Wednesday, 3 August 2011

The need for workers to fight back in the American class struggle

Barack Obama has signed into law the deal on the US "debt ceiling" which passed the House of Representatives on Monday. After much hot air and political power-play, with pundits fretting over the "bipartisan consensus" and whether Republicans or Democrats get a better deal, only one thing is certain. The US working class is the real loser from this whole affair.

The debt ceiling, in essence, is the cap on just how much the US government can borrow. It is the mechanism which, since 1917, has allowed the treasury to borrow money without each round of borrowing being directly authorised by Congress. The latest crisis, and bid to raise the ceiling, was precipitated by fears that the European sovereign debt crisis would overwhelm the US. As in Europe, the measures taken to solve the problem are to be paid for by the working class.
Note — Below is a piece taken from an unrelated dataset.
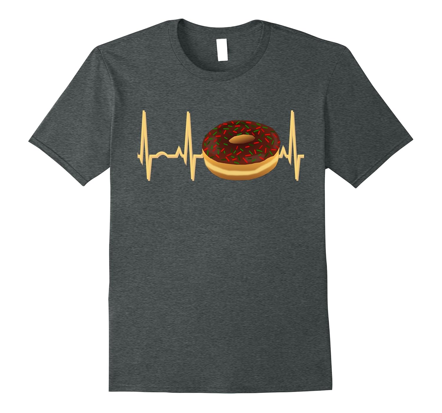 Solid colors: 100% Cotton; Heather Grey: 90% Cotton, 10% Polyester; All Other Heathers: 65% Cotton, 35% Polyester, Imported, Machine wash cold with like colors, dry low heat, Perfect shirt for the donut lover. This special Christmas Donut Shirt features a great image of a seasonal chocolate frosted donut with Christmas sprinkles dropped in the middle of an EKG Heartbeat Pulse Reading. Official “Donut Heartbeat Shirts and; I Love Donut T-Shirts” Brand Shirt. This special Christmas Holiday donut design tee is sure to be a hit this Xmas Season!, Lightweight, Classic fit, Double-needle sleeve and bottom hem

As WSWS points out, "the Obama administration that will cut nearly $3 trillion from federal spending over the next ten years, the bulk of it from domestic social programs." There will be cuts of "more than $600 billion from domestic social spending, particularly in education, environmental protection, transportation and housing." Perhaps why the San Francisco Chronicle thinks that "the Tea Party has real power to shape the debate in Washington," their point underlined by the fact that "his month, Tea Partiers will storm town hall meetings of Republican and Democratic members of Congress and demand even more cuts."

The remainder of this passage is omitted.